At Radnor High, the mascot goes, but name and logo stay

Radnor High's Red Raider, last seen in 2011. Officials decided this week to banish the mascot from campus events.
Radnor High's Red Raider, last seen in 2011. Officials decided this week to banish the mascot from campus events. (Aspenphoto)
Posted: June 22, 2013

Has the Radnor Red Raider, the high school mascot with the oversize Native American feather headdress, really roamed the gridiron for the last time?

Radnor school officials insist they've buried the divisive issue of cultural sensitivity for good with a vote Tuesday making the Indian mascot persona non grata - "graduated," as principal Mark Schellenger diplomatically put it - at campus events.

But Villanova University sociology professor and parent Rick Eckstein countered that officials should do more - dropping the Red part of the name, the Indian logos that dot the campus, and the occasional war whoops from the band at Friday night football games.

"The school board has been waffling," Eckstein said Thursday.

While he said Radnor Middle School has become "an Indian-free zone" thanks to its principal, the school board will not issue a clear policy on the Native American motif.

"Principals and teachers have been operating under their own moral code because the official school code has not been dealt with," he said.

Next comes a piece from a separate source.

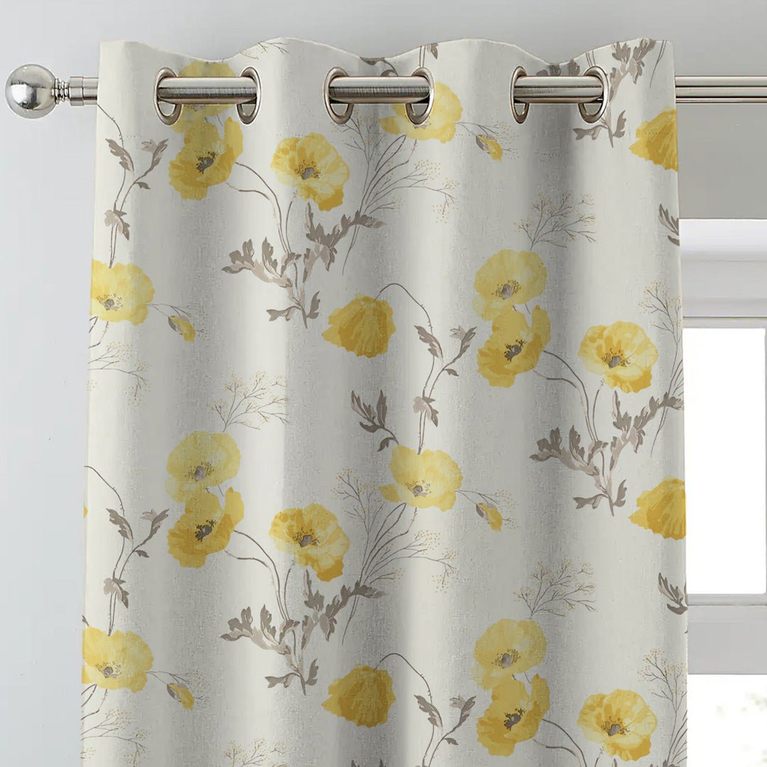 Poppy Meadow Floral Yellow Heavy Satin Blackout Curtains Set Of 2 – (DS133A)

School officials insist that their policy is clear - but that the Red Raider nickname isn't changing, nor will they take down any of the "tasteful caricatures" of Indians at the school, district spokesman Michael Petitti said.

"The Red Raider name remains, the logos remain, the only thing that is being retired - said goodbye to - is the physical costumed mascot that rarely over the past few years was present at athletic events to begin with," he said.

This is the latest skirmish in a decade-old controversy that has now lasted longer than the French and Indian War - and with a less decisive outcome.

Much of the impetus has come from Eckstein, who teaches the sociology of sports. He has a daughter in eighth grade and another who graduated from Radnor High last week. A drum major in the marching band, she was offended and had to leave over the Indian tribal beats and war whoops in the third quarter of football games, he said.

Eckstein began lobbying the school board to ditch the Red Raider about 10 years ago, but his efforts intensified this year after an incident at the middle school in which a coach ordered shirts with an Indian logo, he said.

As a result, Eckstein spoke at a school board policy meeting in February and made a presentation to ninth graders.

"The theme of my presentation is, raiders is a negative word," Eckstein said. "If you want to be plunderers and killers, that's fine, but when you start associating that with specific cultural groups, that's when you get in trouble."

He even threw in a dig at Radnor's status as one of the state's most affluent districts. "I told them they should be Corporate Raiders, and the logo could be money sticking out of a suitcase."

Members on the policy committee aren't talking after speaking up for the school nickname at their meeting Tuesday, with board president Eric Zajac saying Radnor celebrated American Indians' respect for land and natural resources, as well as their character and strength.

For Eckstein, that doesn't come across in the cartoonish Indian painted on the football stadium.

The Radnor dispute comes as a national debate over Indian mascots is intensifying, touching one of the NFL's most iconic franchises, the Washington Redskins.

Last month, 10 members of Congress wrote to Redskins owner Dan Snyder and NFL commissioner Roger Goodell calling the name offensive and demanding a change. Snyder rebuffed the letter and Goodell agreed, writing that the Redskins' name was "a unifying force that stands for strength, courage, pride, and respect."

Just this year, several high schools banished their Indian-themed mascots and team names, but in Upstate New York and Idaho, school boards reversed course in the face of protests from angry parents and alumni who cited community tradition and accused administrators of political correctness run amok.

Locally, parent Donna Finn-Boyle, who said she is part Cherokee-Choctaw, has lobbied the Neshaminy district to drop its Redskins name with no success, while in recent years Ridley's Green Raiders stopped using an Indian logo in favor of a big green R. The logo for the Unionville High School Indians is a U with feathers through it.

In Radnor, district officials have strove to walk a tightrope between activists such as Eckstein and more tradition-minded alums.

"There's strong support within the school community . . . that we are the Raiders," said Pattie Booker, a school board member not on the policy committee. "It's not intended to be offensive to anybody, but it is our identity."

Petitti, the district spokesman, said the last time the Red Raider mascot showed up was at a November 2011 football game. That appearance was a manifestation of "student spirit" and not sanctioned by school officials, he said.

It was also students who came up with the new recommendation to retire the mascot.

"This was their decision," he said, adding, "We're sensitive to all cultures."